Но тут же вспомнила, что как-то так же вот про нее говорила странная женщина с двумя кинжалами.
«Во что они все играют со мной? – снова озадачилась она. – Что я им?»
– Вы странная юная леди, – сказал друид. – Вам не приходилось замечать, что звери и птицы даже в преклонном возрасте уделяют внимание играм? Если для детенышей игра – это учеба, так же как и для человеческих детей, тогда что есть в игре для взрослых животных?

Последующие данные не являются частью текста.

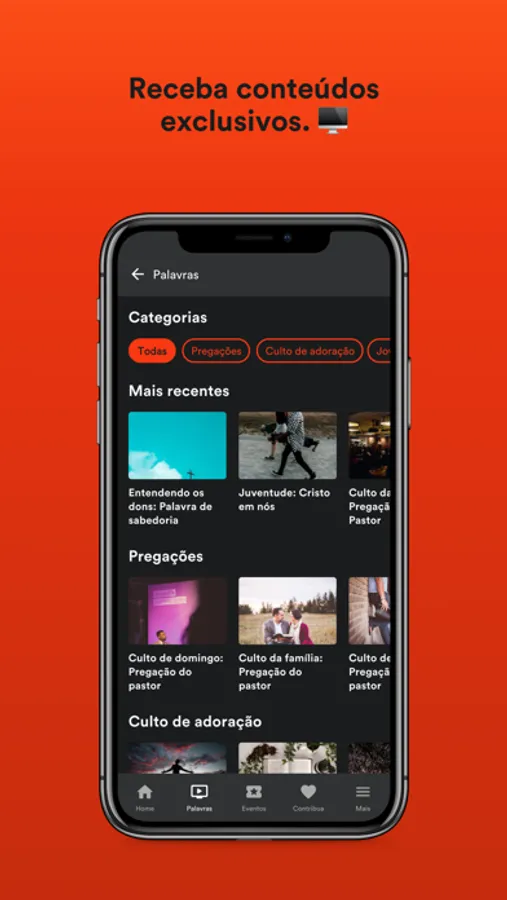 - Siga a agenda e fique por dentro de tudo que acontece na igreja, inscreva-se em eventos e tenha seus ingressos sempre com você.

– Не знаю, – честно призналась Лена.
– А вот взрослые люди совершенно забывают об играх, хотя и не теряют возможности учиться.
– Потому, наверное, что взрослые могут учиться сознательно. По-серьезному…
– Сознательно? – с интересом переспросил друид. – Всерьез?
– Off course…
– Отказать в помощи советом можно в двух случаях, – сказал вдруг друид со значением, – когда есть ответы на вопросы и когда их нет. В первом случае не следует отвечать тем, которые ненавидят природу, друидов и живых существ. Не следует помогать неблагодарным. Не следует лечить не отвечающих на заботу лекаря. Нет смысла наставлять суетных и павших духом. А также не верящих. Потеряешь время. Испортишь отношения с другими. И помощи не дашь. От таких отказываются, если есть ответы.
– Ага… – сказала Лена в паузе.
– Отказываться, ссылаясь на отсутствие средств, – продолжал друид не обращая внимания, – следует только в том случае, когда у нуждающегося в помощи уже появились признаки смерти. Или если есть приметы десяти болезней, обрывающих жизнь…
Какой-то потусторонней жутью веяло от этих слов, сказанных тихим голосом.
Лена хотела что-то сказать, но ничто не пришло на ум.
– Традиция учит, что, прежде чем помочь, следует оценивать пришедшего по четырем возможностям. Легко помочь, трудно помочь, помочь для вида, помочь нельзя, – продолжал он. – Легкая помощь обусловлена тремя средствами. Правильностью вопроса, опытом друида и полнотой ответа.